As mudanças na lei federal do Estatuto do Desarmamento, feitas via decretos pelo presidente Jair Bolsonaro, voltaram a ganhar a mídia após a Quinta Turma do Superior Tribunal de Justiça (STJ) conceder, em outubro de 2019, um habeas corpus de ofício para reduzir a pena de um condenado do Rio de Janeiro por posse irregular de munições de uso restrito, com base no decreto de armas. A decisão, no entanto, chamou a atenção de especialistas alagoanos, que avaliam a ação como um ‘efeito colateral’, visto que presos e organizações criminosas podem se beneficiar diretamente devido às mudanças na lei.

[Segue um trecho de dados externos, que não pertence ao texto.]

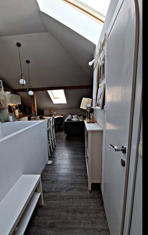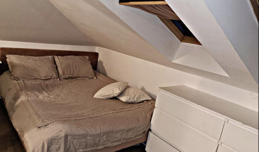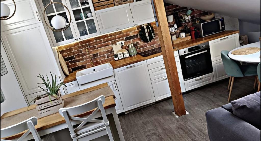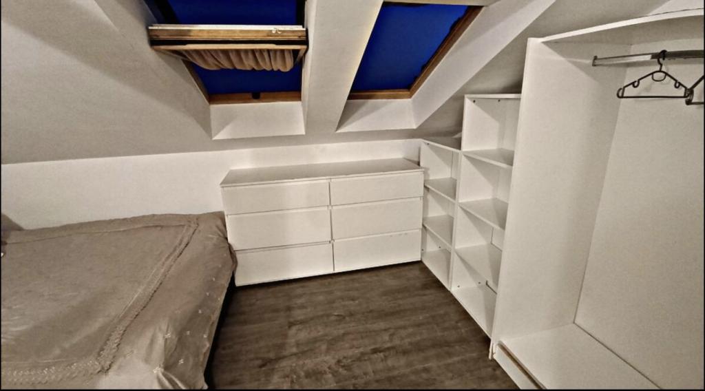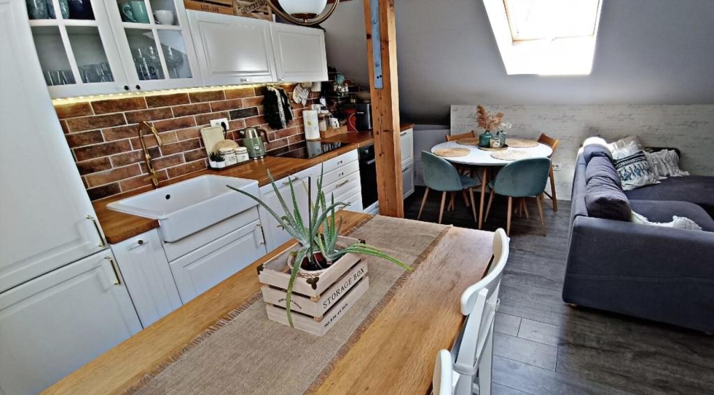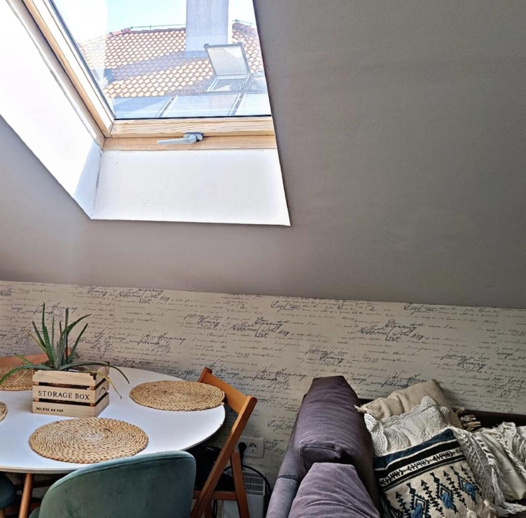 Relax in this cozy loft accommodation with a view of the city. The apartment is located in a quiet part of the city. It is located in the attic of a smaller building. There is no shortage of sunlight here because we have four skylights in 40 square meters of living space. The apartment has one bedroom, a bathroom and a larger space where there is a kitchen, a living room and a work area. Internal stairs lead to the apartment. There is a parking space in front of the building. You enter the apartment yourself using the safe at the door.

Antes restrito apenas a policiais, agentes de segurança e promotores, o porte de arma foi flexibilizado agora a cidadãos que detém mandato eletivo, advogados - que atuem como agentes públicos -, jornalistas, agentes de trânsito, motoristas de veículos de carga, proprietários rurais e até conselheiros tutelares e agentes socioeducativos. As alterações feitas por Bolsonaro permitirão que 19 milhões de brasileiros possam ter porte ou posse de arma em função da categoria profissional, segundo dados do Instituto Sou da Paz, ONG nacional que contribui para efetivação de políticas públicas de segurança e prevenção da violência.
A Organização Mundial da Saúde (OMS), contudo, aponta que o Brasil ocupa a 9ª posição no ranking de homicídios e, para o advogado criminal Ronald Pinheiro, apesar dos avanços na segurança pública em Alagoas, o estado ainda possui índices de violência consideráveis. “Vejo com cautela qualquer norma que vise facilitar o acesso da população a armas de fogo. Vale lembrar, também, que as organizações criminosas podem se beneficiar da flexibilização das normas relacionadas a aquisição de armas. Nesse sentido, não acredito que a facilitação da aquisição de armas possa combater a criminalidade, podendo, inclusive, instigar a violência”, destacou. O advogado acrescenta, ainda, que a aptidão psíquica deve ser observada a partir do momento em que indivíduo demonstra o desejo de possuir uma arma. “O sentimento de insegurança é muito forte entre os alagoanos e entre os brasileiros de um modo geral. Em razão disso, as pessoas buscam formas para se sentir seguras. Mas vale lembrar que o decreto é voltado para a facilitação da posse de armas, não do porte, de modo que a percepção de segurança trazida pela arma de fogo não acompanhará o cidadão em toda a rotina diária”. “Além disso, é necessário esclarecer que só haverá legítima defesa quando forem usados meios moderados para repelir a agressão injusta, nos termos estabelecidos pelo Código Penal. Dessa forma, o cidadão alagoano não pode ser induzido a pensar que o instituto da legitima defesa poderá se aplicado sempre que a vítima revidar ataques, pois os excessos podem ser punidos’, acrescenta. Ronald também ressalta que, tanto a redução na pena quanto a permissão do porte e posse de arma, pode fomentar ainda mais a criminalidade. “Esse risco existe, pois com a inclusão de mais armas na sociedade, mais pessoas poderão portar o artefato inclusive por confundir a posse com o porte”, frisou.